Data extract:
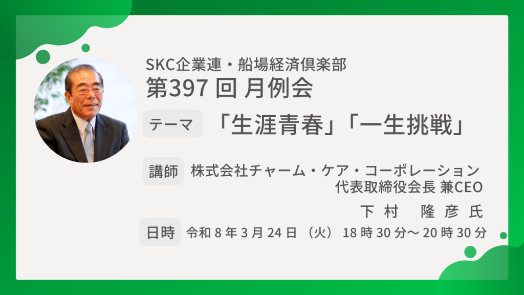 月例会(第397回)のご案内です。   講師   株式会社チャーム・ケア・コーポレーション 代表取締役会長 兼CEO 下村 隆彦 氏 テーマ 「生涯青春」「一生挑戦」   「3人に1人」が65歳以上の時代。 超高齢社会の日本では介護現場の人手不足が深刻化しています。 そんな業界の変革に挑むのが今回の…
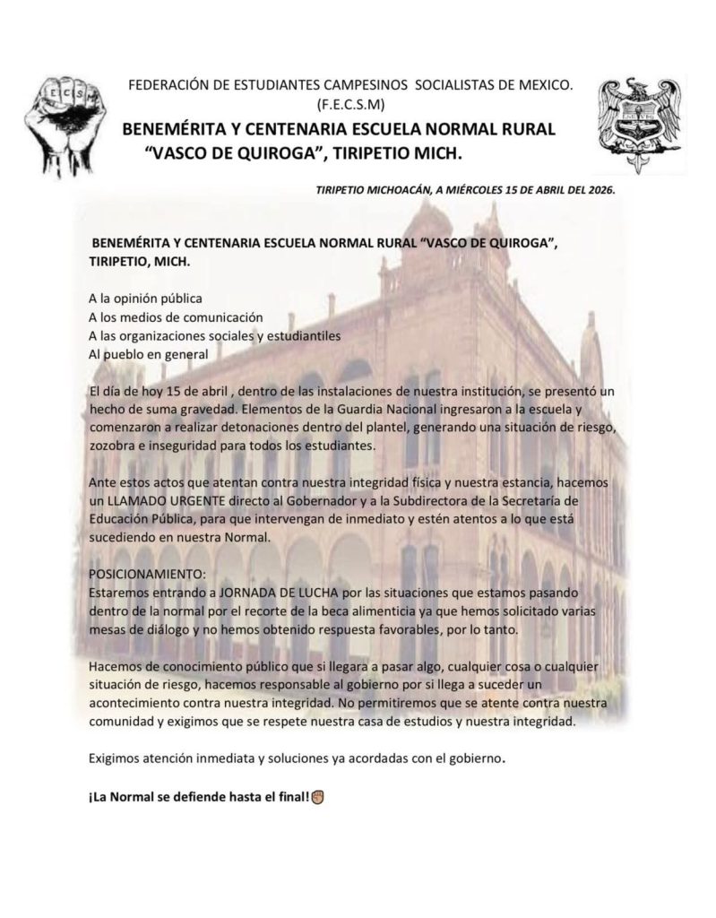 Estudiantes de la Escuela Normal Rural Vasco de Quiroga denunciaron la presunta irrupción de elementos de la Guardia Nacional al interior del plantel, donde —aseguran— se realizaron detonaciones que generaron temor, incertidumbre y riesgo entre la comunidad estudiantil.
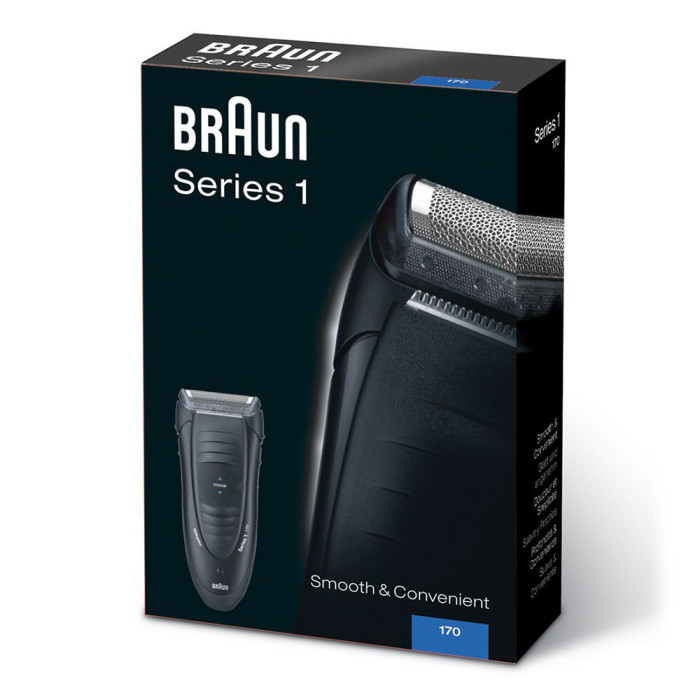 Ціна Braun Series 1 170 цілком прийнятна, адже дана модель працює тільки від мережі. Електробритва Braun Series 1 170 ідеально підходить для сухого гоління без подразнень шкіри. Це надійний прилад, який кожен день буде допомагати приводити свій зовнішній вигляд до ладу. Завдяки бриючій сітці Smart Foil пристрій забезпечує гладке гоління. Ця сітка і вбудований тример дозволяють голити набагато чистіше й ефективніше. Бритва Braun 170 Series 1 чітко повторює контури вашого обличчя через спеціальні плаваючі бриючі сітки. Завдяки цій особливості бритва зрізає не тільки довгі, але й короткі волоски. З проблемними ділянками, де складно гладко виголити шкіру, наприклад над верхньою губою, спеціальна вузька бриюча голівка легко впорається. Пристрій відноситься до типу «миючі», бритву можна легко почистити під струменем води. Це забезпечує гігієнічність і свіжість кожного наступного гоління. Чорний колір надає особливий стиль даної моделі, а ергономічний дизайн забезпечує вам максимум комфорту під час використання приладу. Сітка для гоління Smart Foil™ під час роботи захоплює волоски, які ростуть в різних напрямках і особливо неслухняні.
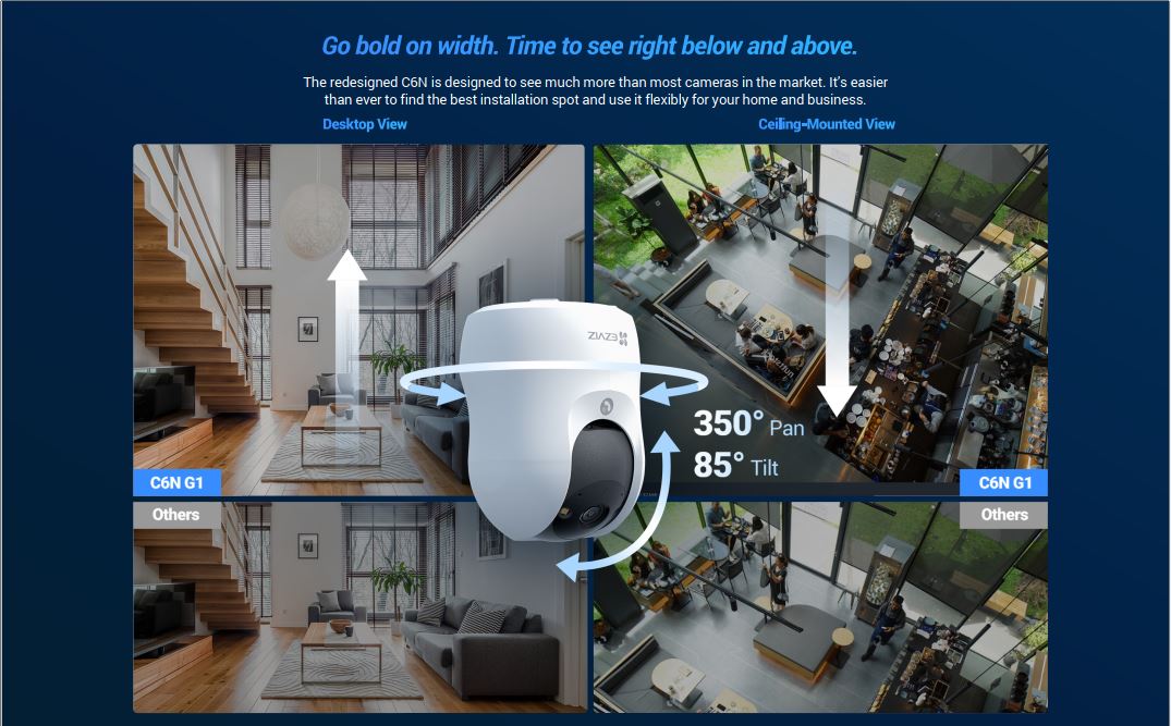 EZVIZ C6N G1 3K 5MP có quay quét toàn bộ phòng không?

Problem to solve: A verbatim copy of the data, free of pictures, is the expected answer.

Response to this task:
 月例会(第397回)のご案内です。   講師   株式会社チャーム・ケア・コーポレーション 代表取締役会長 兼CEO 下村 隆彦 氏 テーマ 「生涯青春」「一生挑戦」   「3人に1人」が65歳以上の時代。 超高齢社会の日本では介護現場の人手不足が深刻化しています。 そんな業界の変革に挑むのが今回の…
 Estudiantes de la Escuela Normal Rural Vasco de Quiroga denunciaron la presunta irrupción de elementos de la Guardia Nacional al interior del plantel, donde —aseguran— se realizaron detonaciones que generaron temor, incertidumbre y riesgo entre la comunidad estudiantil.
 Ціна Braun Series 1 170 цілком прийнятна, адже дана модель працює тільки від мережі. Електробритва Braun Series 1 170 ідеально підходить для сухого гоління без подразнень шкіри. Це надійний прилад, який кожен день буде допомагати приводити свій зовнішній вигляд до ладу. Завдяки бриючій сітці Smart Foil пристрій забезпечує гладке гоління. Ця сітка і вбудований тример дозволяють голити набагато чистіше й ефективніше. Бритва Braun 170 Series 1 чітко повторює контури вашого обличчя через спеціальні плаваючі бриючі сітки. Завдяки цій особливості бритва зрізає не тільки довгі, але й короткі волоски. З проблемними ділянками, де складно гладко виголити шкіру, наприклад над верхньою губою, спеціальна вузька бриюча голівка легко впорається. Пристрій відноситься до типу «миючі», бритву можна легко почистити під струменем води. Це забезпечує гігієнічність і свіжість кожного наступного гоління. Чорний колір надає особливий стиль даної моделі, а ергономічний дизайн забезпечує вам максимум комфорту під час використання приладу. Сітка для гоління Smart Foil™ під час роботи захоплює волоски, які ростуть в різних напрямках і особливо неслухняні.
 EZVIZ C6N G1 3K 5MP có quay quét toàn bộ phòng không?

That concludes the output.